◆ **YOUR INSTRUCTIONS**
After removing every image, reproduce the data exactly as it appears.

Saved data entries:
----------
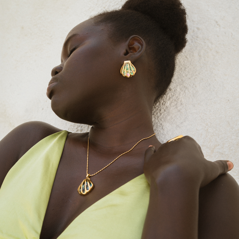 Ocean vibes, but make it glam golden shells with a splash of iridescent magic.
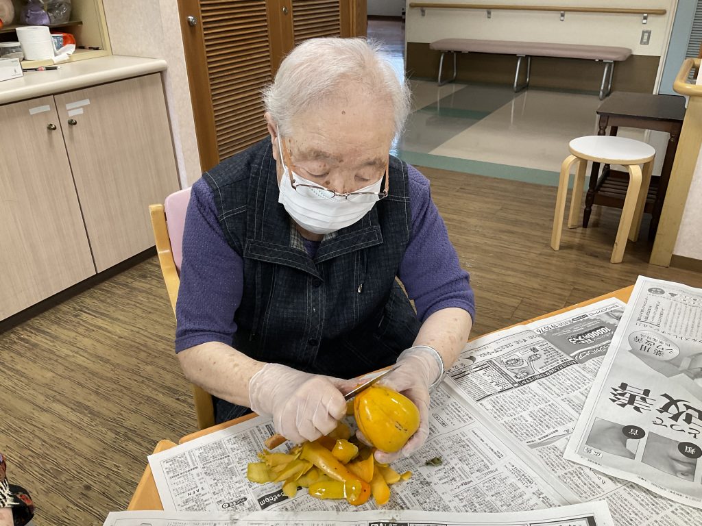 本日も、皆様元気に過ごされました。 カメラへ沢山の笑顔を見せていただきました。また、午後より干し柿の皮剥きを行いました。参加された皆様集中されていました。明日も、元気良く過ごしていきましょうね。 それではまた。 -
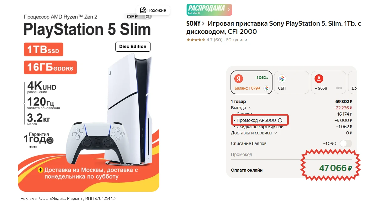 💸 46 083 ₽ с купоном
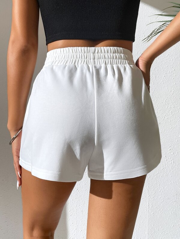Shein nike shorts clearance, Shein High Waist Straight Leg Shorts, Petite M White Fabric Plain Polyester 18-24Y Regular Fit Casual clearance
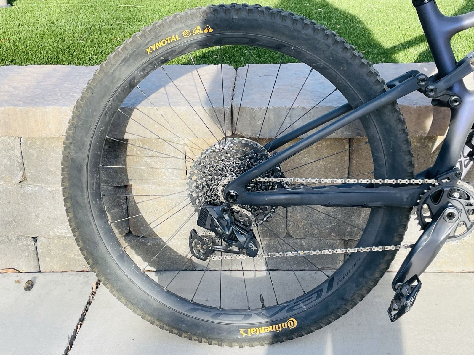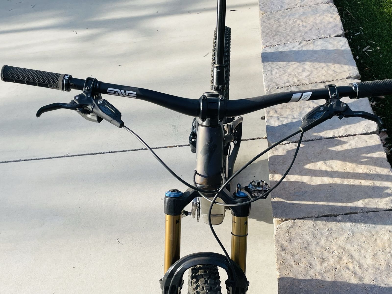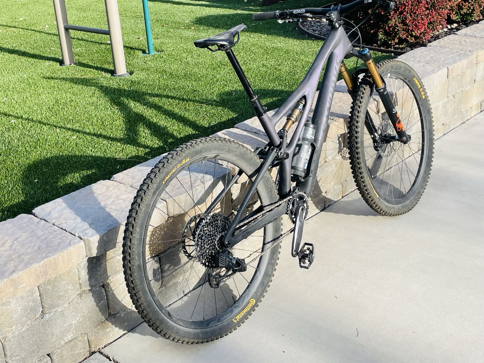 Parts list: AXS derailleur Wolf tooth dropper SRAM G2 disc brakes ENVE M7 Mtn Bars Fox 34 fork ROVAL Control wheels Deity grips Continental Xynotal Tires
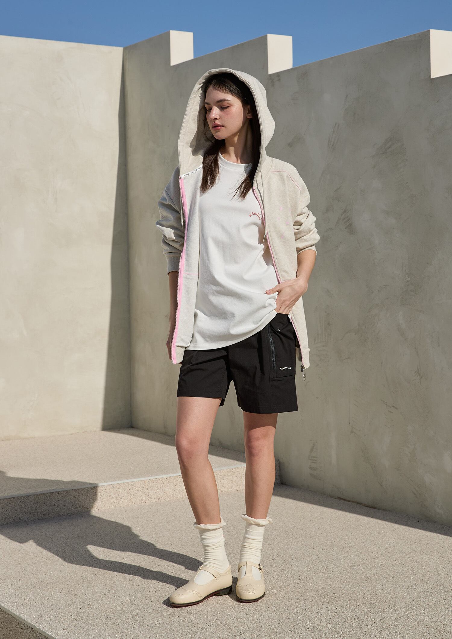 サイドには立体的なポケットとジッパーデザインを配し、デザイン性と収納力を両立。
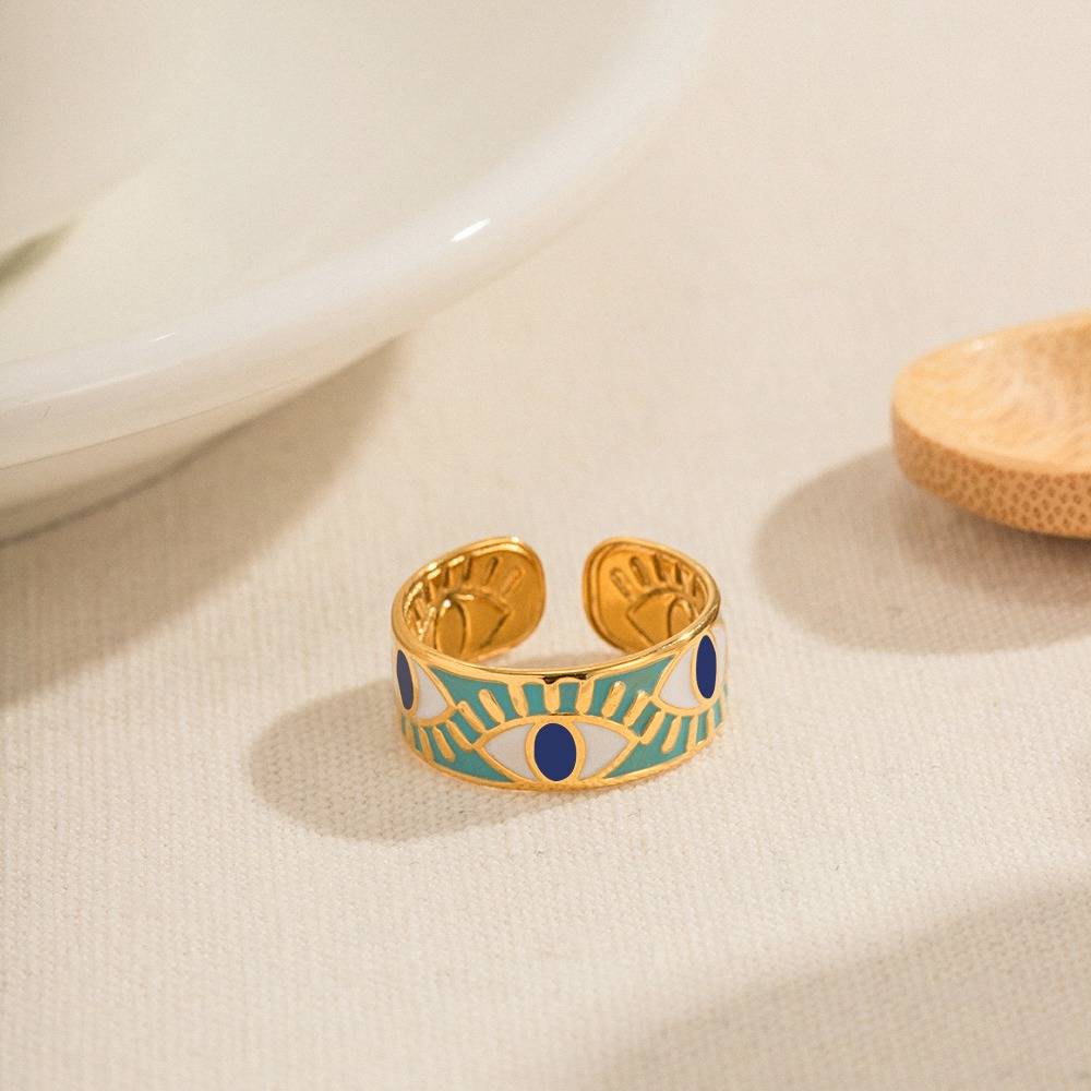 DimpleryGold Plated Daily Wear Evil Eye Resizable Ring (Adjustable)
----------
◆ **OUTPUT OF THE EXERCISE**
 Ocean vibes, but make it glam golden shells with a splash of iridescent magic.
 本日も、皆様元気に過ごされました。 カメラへ沢山の笑顔を見せていただきました。また、午後より干し柿の皮剥きを行いました。参加された皆様集中されていました。明日も、元気良く過ごしていきましょうね。 それではまた。 -
 💸 46 083 ₽ с купоном
Shein nike shorts clearance, Shein High Waist Straight Leg Shorts, Petite M White Fabric Plain Polyester 18-24Y Regular Fit Casual clearance
 Parts list: AXS derailleur Wolf tooth dropper SRAM G2 disc brakes ENVE M7 Mtn Bars Fox 34 fork ROVAL Control wheels Deity grips Continental Xynotal Tires
 サイドには立体的なポケットとジッパーデザインを配し、デザイン性と収納力を両立。
 DimpleryGold Plated Daily Wear Evil Eye Resizable Ring (Adjustable)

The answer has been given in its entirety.